"Ümitvar olunuz, şu istikbal inkılâbı içinde en yüksek gür sada İslâm'ın sadası olacaktır."

Piyasalar

Akitlerde faiz caiz mi?

Nuri Mannas
18 Şubat 2025, Salı
Bugünkü hukuk düzeni faizi iki ana periyot için ayrı ayrı düzenleyip serbest bırakmakta ya da sınırlandırmaktadır: Sözleşme dönemi ve gecikme dönemi.

Sözleşme dönemi faizine anapara faizi ya da kapital faizi de denir. (Bu faizin nakit sermayenin faiz getirisi olduğu nazara alındığında “kapital/sermaye faizi” adı daha uygun gibidir.) Borçlunun para borcunu geç ifa etmesi halinde alacaklının hukuken borçludan ödemesini isteyebileceği faize ise temerrüt faizi denmektedir. 

Kapital faizi hangi akitte olur?

Akitlerden birinde (tüketim ödüncünde) faiz bilinen her anlamıyla faizdir. 

Ödünç akdinde, bir sene sonra verdiğinin benzerini meselâ 110 olarak geri almak üzere bugün 100 birim şey veren kişi borçludan yüzde on faiz almayı ve borçlu da vermeyi kararlaştırmış demektir. Verenin amacı ticarî riske girmeden sermayeden sermaye (paradan para) kazanmak, alanın amacı da sermaye ihtiyacını karşılamak üzere ödünç aldığı sermayeyi kullanıp vadesi geldiğinde benzeriyle, ama ilâve faiziyle iade etmektir. 

Tüketim ödüncünde; verilen ve geri alınan “benzer” şey, aynı cins nakit para da olsa misliyle iade edilecek mal da olsa (meselâ aynı kalite ve boyda yumurta da olsa) bire bire ilâve edilen her fazlalık faizdir. Dinen hükmü bellidir. 

Ancak günümüzde faizli ödünç akdi hemen hemen daima nakit para ödüncü şeklinde olmaktadır. Zira günümüzde para dışındaki varlıklardan (menkul eşyadan) kullanıldıkça tüketilenler, gelir elde etmek maksadıyla ve tüketim ödüncü ile ödünç verilmemektedir. Yani yüz kilo pirinç verip vade sonunda yüz on kilo denk pirinç olarak geri almak üzere faizli ödünç akdi yapılmamaktadır. Paranın gücü arttığı için mala mal faizi artık unutulmaya yüz tutmuştur. 

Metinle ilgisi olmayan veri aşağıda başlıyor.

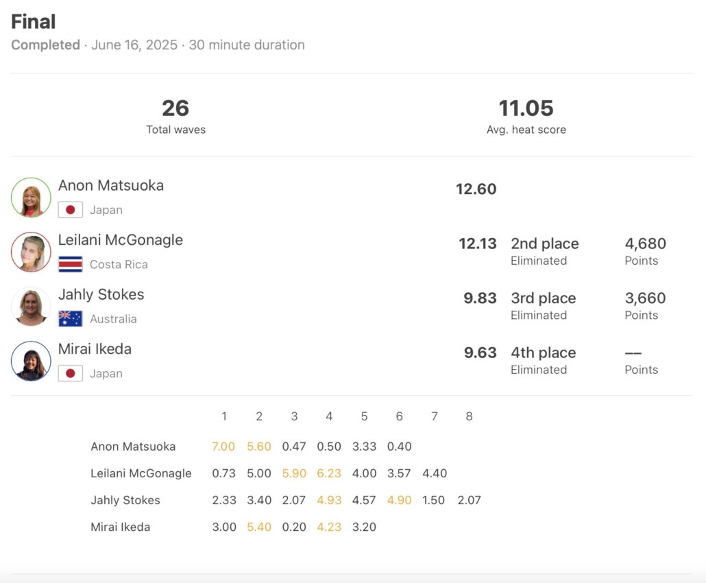 MENSはReef Heazlewoodが優勝を果たし、WOMENSではファイナルで決め手となる7.00ptを1本目からスコアしてリードをキープし続けた松岡亜音が見事2023年に引き続き2度目となるクルイプロでの優勝を勝ち獲った!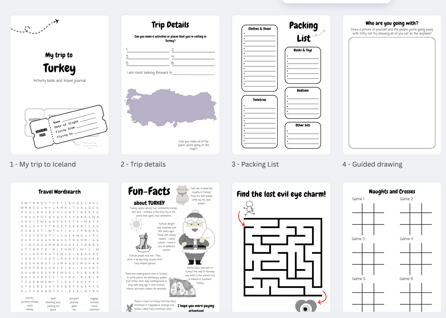 "My Trip to Turkey" isn’t just about keeping kids busy – it’s a practical guide too! Packed with kid-friendly travel tips, space to fill out their own itinerary, a packing checklist, flight-friendly games and even airport bingo, it helps children feel involved and prepared for the journey ahead.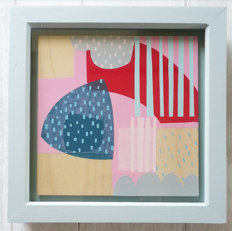 One day whilst tidying my workroom I found some plywood tablets leftover from a previous project which I had forgotten about, and since I love experimenting with colour combinations, pattern and shapes, I decided to make a few one-off prints! They are very much inkeeping with my little houses and necklaces in spirit, being quite free and unplanned, producing a completely unique effect.
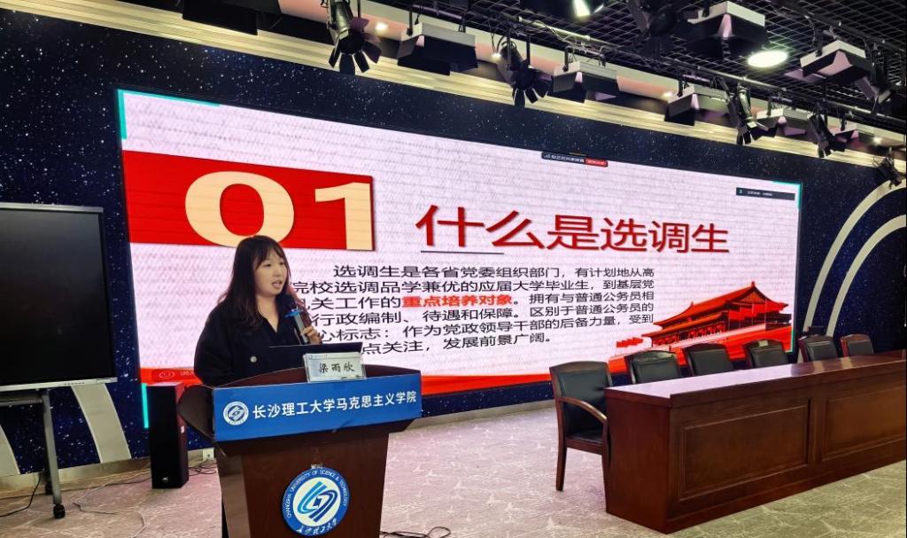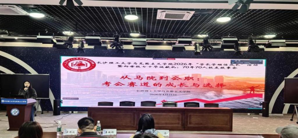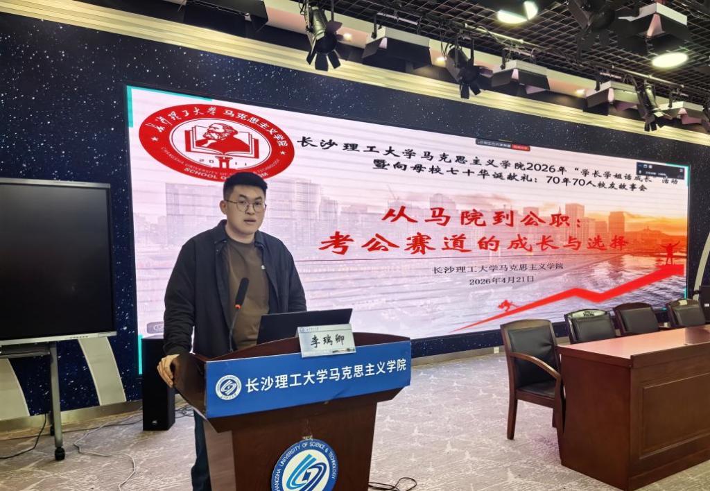 为帮助同学们深入了解公务员考试与职业发展路径,发挥优秀校友的榜样引领作用,4月21日下午2:30,马克思主义学院在云塘校区文科楼B300报告厅举办了长沙理工大学马克思主义学院2026年“学长学姐话成长”活动暨“向母校七十华诞献礼:70年70人校友故事会”。本次活动以“从马院到公职:考公赛道的成长与选择”为主题,特邀2024届哲学专业伦理学方向李瑞卿、2026届马克思主义理论专业中国化方向梁雨欣、2026届马克思主义理论专业思想政治教育方向黄蓉蓉三位成功考取公职的学长学姐分享经验。学院学工办主任、辅导员曾蓓出席活动,2025级全体研究生和2024级部分研究生参加。
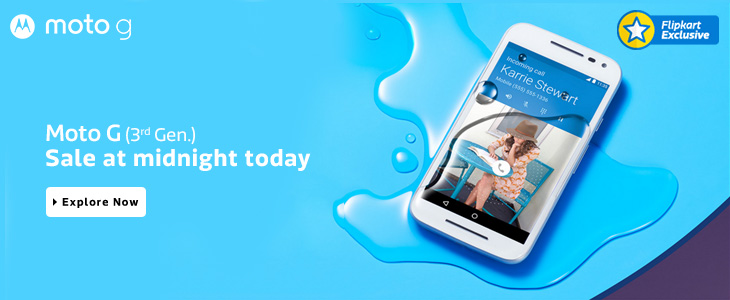 Moto G 3rd Gen will also be available in India from today’s midnight on Flipkart for Rs. 11,999($188) for 8 GB variant and Rs. 12,999($204 approx.) for 16GB/2GB RAM variant. Its available in black and white variant on flipkart.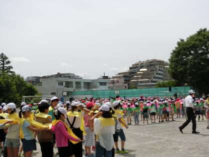 子どもも職員も、色とりどりのエプロンを広げ、人文字を作りました。
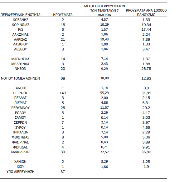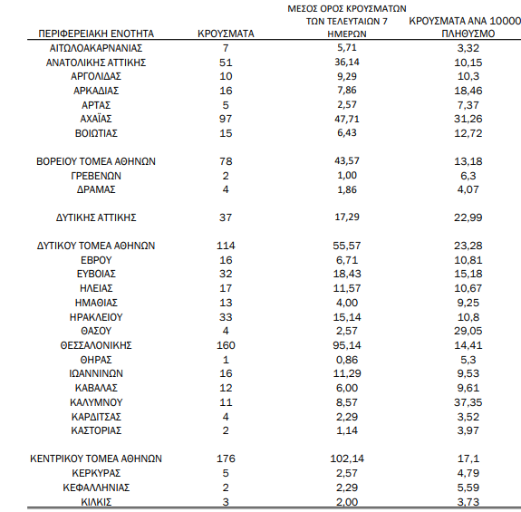 Αναλυτικά ο “χάρτης” με τα νέα, εγχώρια κρούσματα: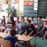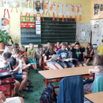 První červnové úterý nás přišli navštívit do páté třídy budoucí prvňáčci ze školky. Páťáci si pro ně přichystali čtení z knížky Deník kocourka Modroočka a spoustu soutěží.? Budoucí školáčci se moc snažili, hledali písmenka- jídlo pro kočičky, hledali blešky v textu a vyzkoušeli svoji odvahu a postřeh při soutěžích. Jejich velcí kamarádi také zaslouží pochvalu a poděkování za svoji práci a čas.?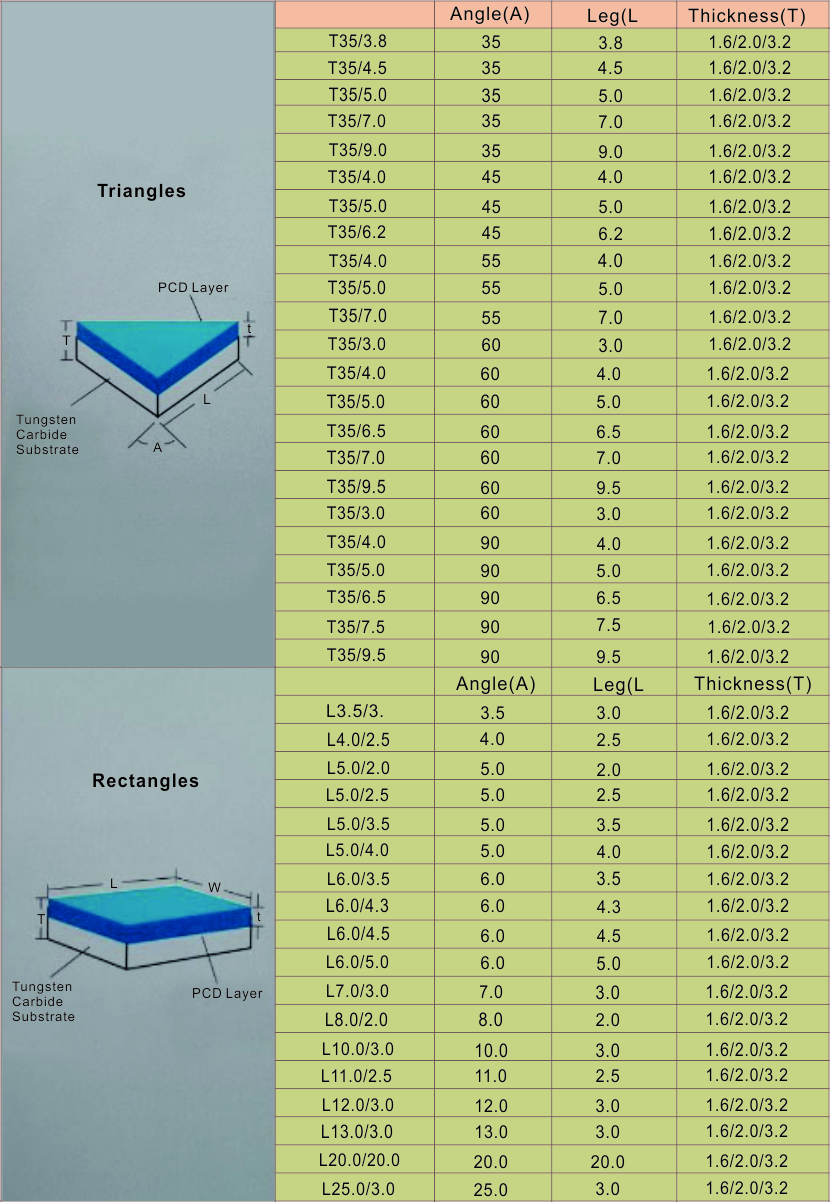 PCD Blanks provide the hardness, abrasion resistance and thermal conductivity of natural diamond, combined with the toughness of tungsten carbide. The work piece processed by PCD has good surface finish. It is an ideal tool material for its long life and high efficiency.

Yine uygulamada kullanıldıkça tüketilemeyen varlıklar ya aynen geri alınmak üzere bedelsiz kullandırılmakta (ariyet) ya da bir kira bedeli karşılığında kiraya verilmekte ve bu halde de vakti geldiğinde mislen değil aynen iade alınmaktadır. Malın kirasının faizle ilgisinin olmadığı da açıktır. 

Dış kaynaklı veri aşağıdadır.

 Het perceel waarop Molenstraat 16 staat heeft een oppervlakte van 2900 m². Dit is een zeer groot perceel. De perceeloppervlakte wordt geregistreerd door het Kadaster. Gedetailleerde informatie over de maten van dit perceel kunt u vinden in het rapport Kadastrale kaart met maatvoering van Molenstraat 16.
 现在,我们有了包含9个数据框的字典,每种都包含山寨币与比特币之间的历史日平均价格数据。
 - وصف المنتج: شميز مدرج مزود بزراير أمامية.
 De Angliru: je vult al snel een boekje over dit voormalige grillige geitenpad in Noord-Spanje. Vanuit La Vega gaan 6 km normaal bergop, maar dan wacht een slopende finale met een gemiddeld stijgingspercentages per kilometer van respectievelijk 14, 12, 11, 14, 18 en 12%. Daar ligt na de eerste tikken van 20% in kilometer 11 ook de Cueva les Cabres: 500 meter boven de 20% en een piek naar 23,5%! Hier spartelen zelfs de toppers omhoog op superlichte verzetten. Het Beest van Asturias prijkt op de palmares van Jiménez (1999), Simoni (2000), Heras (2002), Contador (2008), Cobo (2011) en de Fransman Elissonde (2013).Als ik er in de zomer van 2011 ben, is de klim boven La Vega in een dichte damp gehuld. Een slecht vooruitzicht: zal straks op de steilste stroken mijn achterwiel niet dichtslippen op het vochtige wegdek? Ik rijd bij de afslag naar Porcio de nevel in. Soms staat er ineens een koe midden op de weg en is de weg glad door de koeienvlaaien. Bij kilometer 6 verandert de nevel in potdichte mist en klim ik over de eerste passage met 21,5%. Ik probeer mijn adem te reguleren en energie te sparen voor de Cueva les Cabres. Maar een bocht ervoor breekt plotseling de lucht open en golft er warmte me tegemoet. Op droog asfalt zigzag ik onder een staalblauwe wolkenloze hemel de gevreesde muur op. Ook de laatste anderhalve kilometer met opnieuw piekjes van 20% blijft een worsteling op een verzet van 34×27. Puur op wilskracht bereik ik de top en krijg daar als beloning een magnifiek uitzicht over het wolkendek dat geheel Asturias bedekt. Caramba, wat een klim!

Faiz almak isteyip de alamayanlar

Bir miktar paranın bir yıllığına ve yüzde on faiz şartıyla ödünç verildiğini varsayalım. Verilen paranın değerinin vade sürecinde yüzde on beş düşmesi halinde vade sonunda sadece yüze on fazlalık alan alacaklının “gerçekten fazlalık” yani “reel faiz” elde etmediği ve hatta yüzde beş zarar ettiği açıktır. Parayı bu sürede kendi elinde ve nakit olarak tutsaydı değeri yüzde on beş düşecekti ve zararı yüzde on beş olacaktı. Yüzde on faiz aldığında ise bir “fazlalık” elde etmemekte, sadece zararının yüzde onluk kısmını borçluya yüklemiş olmaktadır. 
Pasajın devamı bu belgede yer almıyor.